TASK INSTRUCTIONS - Once you reach the line containing "1 real Isabel" in the entries below, write out that line and each one after it down to the line containing "7月26日,阳曲县人民医院新", exactly and with nothing added.

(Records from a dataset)
>>>

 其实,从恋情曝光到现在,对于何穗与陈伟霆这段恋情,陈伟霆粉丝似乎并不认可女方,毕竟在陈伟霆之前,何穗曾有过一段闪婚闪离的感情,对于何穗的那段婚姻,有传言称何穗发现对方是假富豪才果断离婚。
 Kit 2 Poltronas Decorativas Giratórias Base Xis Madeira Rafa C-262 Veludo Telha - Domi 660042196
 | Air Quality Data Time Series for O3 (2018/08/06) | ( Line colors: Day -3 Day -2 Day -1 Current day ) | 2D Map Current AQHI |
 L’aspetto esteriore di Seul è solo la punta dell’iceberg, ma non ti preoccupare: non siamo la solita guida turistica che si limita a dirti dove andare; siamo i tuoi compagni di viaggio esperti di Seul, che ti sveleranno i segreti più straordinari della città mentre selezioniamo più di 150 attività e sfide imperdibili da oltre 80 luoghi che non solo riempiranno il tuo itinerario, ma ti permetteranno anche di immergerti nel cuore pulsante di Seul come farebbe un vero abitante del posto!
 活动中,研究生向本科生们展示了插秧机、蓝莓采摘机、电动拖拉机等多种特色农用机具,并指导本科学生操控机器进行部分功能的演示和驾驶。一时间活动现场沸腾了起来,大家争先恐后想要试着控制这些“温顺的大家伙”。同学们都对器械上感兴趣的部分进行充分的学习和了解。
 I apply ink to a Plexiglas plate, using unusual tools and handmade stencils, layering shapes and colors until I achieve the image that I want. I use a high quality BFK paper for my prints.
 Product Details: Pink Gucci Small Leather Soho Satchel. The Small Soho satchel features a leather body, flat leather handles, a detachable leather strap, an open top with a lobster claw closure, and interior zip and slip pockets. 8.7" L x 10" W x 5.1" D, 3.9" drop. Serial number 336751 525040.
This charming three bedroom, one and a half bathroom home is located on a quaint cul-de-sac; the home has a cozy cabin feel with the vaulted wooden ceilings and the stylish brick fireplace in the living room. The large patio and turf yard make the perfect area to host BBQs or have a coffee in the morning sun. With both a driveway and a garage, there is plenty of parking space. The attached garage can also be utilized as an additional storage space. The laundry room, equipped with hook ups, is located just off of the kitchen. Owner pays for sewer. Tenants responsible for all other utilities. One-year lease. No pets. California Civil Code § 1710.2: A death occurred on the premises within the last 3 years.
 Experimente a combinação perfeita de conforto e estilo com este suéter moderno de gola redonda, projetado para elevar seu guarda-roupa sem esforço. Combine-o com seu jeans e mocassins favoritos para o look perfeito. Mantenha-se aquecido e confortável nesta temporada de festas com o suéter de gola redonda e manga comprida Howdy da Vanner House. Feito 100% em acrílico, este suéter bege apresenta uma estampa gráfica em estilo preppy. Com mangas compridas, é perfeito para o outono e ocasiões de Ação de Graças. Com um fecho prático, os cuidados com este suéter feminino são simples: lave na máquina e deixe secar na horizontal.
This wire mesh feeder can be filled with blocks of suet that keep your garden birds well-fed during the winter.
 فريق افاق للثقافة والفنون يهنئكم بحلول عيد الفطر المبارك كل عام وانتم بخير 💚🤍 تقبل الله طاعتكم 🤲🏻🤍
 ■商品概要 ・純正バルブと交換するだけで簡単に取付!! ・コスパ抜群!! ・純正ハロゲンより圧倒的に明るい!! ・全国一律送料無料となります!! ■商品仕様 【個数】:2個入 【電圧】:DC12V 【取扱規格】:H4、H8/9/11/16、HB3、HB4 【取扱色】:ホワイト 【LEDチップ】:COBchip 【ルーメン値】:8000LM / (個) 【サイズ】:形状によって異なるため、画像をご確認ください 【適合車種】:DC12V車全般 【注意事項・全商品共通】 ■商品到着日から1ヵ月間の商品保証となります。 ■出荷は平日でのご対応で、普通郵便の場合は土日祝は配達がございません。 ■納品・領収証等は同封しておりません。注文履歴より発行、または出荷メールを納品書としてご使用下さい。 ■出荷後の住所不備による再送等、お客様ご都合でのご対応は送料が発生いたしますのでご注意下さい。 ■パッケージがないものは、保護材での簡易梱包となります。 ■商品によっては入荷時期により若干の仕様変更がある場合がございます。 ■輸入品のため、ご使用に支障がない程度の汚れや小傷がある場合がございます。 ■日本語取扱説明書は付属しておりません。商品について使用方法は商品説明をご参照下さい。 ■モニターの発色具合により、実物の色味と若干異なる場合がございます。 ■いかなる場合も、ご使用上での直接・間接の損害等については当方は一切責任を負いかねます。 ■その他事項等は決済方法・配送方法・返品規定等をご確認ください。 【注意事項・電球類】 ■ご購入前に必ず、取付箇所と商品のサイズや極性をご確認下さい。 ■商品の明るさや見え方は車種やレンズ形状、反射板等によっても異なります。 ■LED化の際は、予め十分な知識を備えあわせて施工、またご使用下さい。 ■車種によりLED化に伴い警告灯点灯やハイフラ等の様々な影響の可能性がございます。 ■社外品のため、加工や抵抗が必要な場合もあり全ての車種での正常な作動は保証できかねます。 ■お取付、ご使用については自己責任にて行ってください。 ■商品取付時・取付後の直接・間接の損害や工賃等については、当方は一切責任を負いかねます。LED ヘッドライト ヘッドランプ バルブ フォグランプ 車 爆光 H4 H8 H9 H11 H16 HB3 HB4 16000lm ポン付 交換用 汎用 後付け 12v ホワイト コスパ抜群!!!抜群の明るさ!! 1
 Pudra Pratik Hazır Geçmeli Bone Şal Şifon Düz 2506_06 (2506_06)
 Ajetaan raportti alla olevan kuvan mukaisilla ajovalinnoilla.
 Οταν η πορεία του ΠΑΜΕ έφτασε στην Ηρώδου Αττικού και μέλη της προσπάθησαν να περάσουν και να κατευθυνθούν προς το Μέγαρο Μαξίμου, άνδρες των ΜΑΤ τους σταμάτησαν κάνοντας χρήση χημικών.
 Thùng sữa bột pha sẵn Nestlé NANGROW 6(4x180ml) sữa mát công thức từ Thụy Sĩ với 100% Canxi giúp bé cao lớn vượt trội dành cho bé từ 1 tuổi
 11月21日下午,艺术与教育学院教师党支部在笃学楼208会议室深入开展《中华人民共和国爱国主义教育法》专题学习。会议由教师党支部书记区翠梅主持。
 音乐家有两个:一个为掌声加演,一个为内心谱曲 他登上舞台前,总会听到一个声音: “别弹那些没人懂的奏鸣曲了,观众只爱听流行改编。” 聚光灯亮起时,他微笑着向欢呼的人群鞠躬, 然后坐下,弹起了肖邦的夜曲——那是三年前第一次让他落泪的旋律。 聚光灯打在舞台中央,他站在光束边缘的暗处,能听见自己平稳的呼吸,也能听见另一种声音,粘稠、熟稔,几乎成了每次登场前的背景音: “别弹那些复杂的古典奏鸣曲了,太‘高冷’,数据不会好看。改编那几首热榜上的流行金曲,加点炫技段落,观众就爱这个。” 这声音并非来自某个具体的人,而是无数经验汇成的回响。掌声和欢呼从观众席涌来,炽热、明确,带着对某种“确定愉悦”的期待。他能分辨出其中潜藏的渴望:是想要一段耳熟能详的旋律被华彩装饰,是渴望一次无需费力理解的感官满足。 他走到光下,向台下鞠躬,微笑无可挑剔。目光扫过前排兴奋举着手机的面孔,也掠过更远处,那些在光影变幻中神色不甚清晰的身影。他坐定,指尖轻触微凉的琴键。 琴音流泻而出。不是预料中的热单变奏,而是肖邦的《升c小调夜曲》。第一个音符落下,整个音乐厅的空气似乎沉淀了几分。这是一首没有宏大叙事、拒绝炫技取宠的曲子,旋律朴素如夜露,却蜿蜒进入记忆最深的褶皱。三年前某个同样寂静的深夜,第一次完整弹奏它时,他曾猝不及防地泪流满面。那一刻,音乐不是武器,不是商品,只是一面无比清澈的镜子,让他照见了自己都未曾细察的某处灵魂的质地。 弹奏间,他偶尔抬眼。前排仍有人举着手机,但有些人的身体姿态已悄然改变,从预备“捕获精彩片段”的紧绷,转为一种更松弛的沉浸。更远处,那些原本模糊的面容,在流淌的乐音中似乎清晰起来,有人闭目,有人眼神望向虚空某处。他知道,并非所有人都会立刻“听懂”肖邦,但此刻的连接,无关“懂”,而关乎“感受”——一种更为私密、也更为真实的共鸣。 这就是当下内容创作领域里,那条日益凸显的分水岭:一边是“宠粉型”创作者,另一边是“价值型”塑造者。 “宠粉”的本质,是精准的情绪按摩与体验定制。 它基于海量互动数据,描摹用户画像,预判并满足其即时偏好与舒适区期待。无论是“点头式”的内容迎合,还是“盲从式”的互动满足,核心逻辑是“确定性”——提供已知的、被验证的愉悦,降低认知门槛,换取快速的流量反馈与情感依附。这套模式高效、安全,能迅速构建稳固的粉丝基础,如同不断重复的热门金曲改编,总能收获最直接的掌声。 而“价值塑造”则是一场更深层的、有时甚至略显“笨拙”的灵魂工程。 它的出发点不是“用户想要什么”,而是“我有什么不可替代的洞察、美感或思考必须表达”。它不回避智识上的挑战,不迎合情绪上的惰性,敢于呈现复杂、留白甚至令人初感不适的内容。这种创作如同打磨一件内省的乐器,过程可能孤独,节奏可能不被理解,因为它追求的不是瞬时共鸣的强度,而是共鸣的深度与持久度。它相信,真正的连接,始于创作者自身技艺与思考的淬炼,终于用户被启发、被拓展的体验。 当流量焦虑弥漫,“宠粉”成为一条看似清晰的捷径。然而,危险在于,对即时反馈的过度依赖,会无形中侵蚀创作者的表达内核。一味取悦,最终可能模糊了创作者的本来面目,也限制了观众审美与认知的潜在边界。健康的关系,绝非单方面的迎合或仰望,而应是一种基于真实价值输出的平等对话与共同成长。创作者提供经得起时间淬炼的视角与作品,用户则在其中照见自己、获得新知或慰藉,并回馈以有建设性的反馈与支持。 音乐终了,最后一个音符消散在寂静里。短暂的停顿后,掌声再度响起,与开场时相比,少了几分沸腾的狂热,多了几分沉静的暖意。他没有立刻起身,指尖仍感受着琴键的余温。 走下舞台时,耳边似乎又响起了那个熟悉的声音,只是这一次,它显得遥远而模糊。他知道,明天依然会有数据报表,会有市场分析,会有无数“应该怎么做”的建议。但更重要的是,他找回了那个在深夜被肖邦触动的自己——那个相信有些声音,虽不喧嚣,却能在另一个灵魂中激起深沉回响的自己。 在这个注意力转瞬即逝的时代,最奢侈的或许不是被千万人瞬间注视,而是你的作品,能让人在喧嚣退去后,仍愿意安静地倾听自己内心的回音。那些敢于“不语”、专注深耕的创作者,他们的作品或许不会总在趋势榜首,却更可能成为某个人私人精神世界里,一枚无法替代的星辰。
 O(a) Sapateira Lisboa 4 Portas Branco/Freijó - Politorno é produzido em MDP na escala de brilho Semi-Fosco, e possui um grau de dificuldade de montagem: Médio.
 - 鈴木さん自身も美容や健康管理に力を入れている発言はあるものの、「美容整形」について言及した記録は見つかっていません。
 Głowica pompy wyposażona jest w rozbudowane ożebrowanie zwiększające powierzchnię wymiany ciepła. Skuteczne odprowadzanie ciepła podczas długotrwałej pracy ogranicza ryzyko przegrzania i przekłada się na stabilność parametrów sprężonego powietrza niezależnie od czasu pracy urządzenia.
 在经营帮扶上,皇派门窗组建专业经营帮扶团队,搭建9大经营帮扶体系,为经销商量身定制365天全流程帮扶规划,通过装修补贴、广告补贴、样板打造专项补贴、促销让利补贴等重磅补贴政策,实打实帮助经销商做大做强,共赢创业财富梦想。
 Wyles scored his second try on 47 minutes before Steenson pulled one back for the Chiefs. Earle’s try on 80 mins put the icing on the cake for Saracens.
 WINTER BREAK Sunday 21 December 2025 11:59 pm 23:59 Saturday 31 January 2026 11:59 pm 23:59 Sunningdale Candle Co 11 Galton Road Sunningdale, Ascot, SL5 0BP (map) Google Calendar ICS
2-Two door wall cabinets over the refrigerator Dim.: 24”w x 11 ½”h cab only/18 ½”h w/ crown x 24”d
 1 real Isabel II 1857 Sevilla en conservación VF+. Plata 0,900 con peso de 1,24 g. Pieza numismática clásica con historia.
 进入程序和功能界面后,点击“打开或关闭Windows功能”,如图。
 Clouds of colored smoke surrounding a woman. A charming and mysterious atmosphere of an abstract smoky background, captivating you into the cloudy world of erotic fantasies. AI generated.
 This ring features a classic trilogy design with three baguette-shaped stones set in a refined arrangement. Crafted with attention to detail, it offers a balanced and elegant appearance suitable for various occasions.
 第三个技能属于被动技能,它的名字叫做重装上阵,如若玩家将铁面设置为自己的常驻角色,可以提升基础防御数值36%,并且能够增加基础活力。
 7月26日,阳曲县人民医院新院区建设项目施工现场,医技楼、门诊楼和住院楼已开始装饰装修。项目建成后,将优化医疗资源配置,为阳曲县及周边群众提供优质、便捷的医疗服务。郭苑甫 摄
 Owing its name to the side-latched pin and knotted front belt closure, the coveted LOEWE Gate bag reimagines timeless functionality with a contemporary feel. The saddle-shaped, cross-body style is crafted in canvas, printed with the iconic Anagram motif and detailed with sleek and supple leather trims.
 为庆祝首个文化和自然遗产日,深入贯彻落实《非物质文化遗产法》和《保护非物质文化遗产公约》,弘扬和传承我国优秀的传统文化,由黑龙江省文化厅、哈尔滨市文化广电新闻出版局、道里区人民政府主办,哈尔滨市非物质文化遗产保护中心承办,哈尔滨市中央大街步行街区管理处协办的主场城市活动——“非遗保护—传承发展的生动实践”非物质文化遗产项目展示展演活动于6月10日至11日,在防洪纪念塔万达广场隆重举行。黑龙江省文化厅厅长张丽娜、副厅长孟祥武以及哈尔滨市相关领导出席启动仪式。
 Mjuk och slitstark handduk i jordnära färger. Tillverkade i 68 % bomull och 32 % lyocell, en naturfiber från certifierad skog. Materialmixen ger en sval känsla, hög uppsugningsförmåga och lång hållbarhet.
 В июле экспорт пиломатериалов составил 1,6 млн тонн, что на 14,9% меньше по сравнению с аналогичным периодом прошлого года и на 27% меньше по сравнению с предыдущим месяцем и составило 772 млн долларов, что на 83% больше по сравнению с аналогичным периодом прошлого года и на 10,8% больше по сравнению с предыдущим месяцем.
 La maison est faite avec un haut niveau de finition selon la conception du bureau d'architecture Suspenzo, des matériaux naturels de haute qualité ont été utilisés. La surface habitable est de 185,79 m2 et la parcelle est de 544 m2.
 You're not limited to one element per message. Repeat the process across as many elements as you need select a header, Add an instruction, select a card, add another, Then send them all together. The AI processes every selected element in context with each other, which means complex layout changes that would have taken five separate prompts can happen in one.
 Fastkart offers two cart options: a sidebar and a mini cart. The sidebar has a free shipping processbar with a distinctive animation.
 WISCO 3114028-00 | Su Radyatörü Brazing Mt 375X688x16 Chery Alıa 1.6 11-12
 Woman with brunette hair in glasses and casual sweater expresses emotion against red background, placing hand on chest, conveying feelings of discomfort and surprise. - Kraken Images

<<<

ANSWER SECTION -
 1 real Isabel II 1857 Sevilla en conservación VF+. Plata 0,900 con peso de 1,24 g. Pieza numismática clásica con historia.
 进入程序和功能界面后,点击“打开或关闭Windows功能”,如图。
 Clouds of colored smoke surrounding a woman. A charming and mysterious atmosphere of an abstract smoky background, captivating you into the cloudy world of erotic fantasies. AI generated.
 This ring features a classic trilogy design with three baguette-shaped stones set in a refined arrangement. Crafted with attention to detail, it offers a balanced and elegant appearance suitable for various occasions.
 第三个技能属于被动技能,它的名字叫做重装上阵,如若玩家将铁面设置为自己的常驻角色,可以提升基础防御数值36%,并且能够增加基础活力。
 7月26日,阳曲县人民医院新院区建设项目施工现场,医技楼、门诊楼和住院楼已开始装饰装修。项目建成后,将优化医疗资源配置,为阳曲县及周边群众提供优质、便捷的医疗服务。郭苑甫 摄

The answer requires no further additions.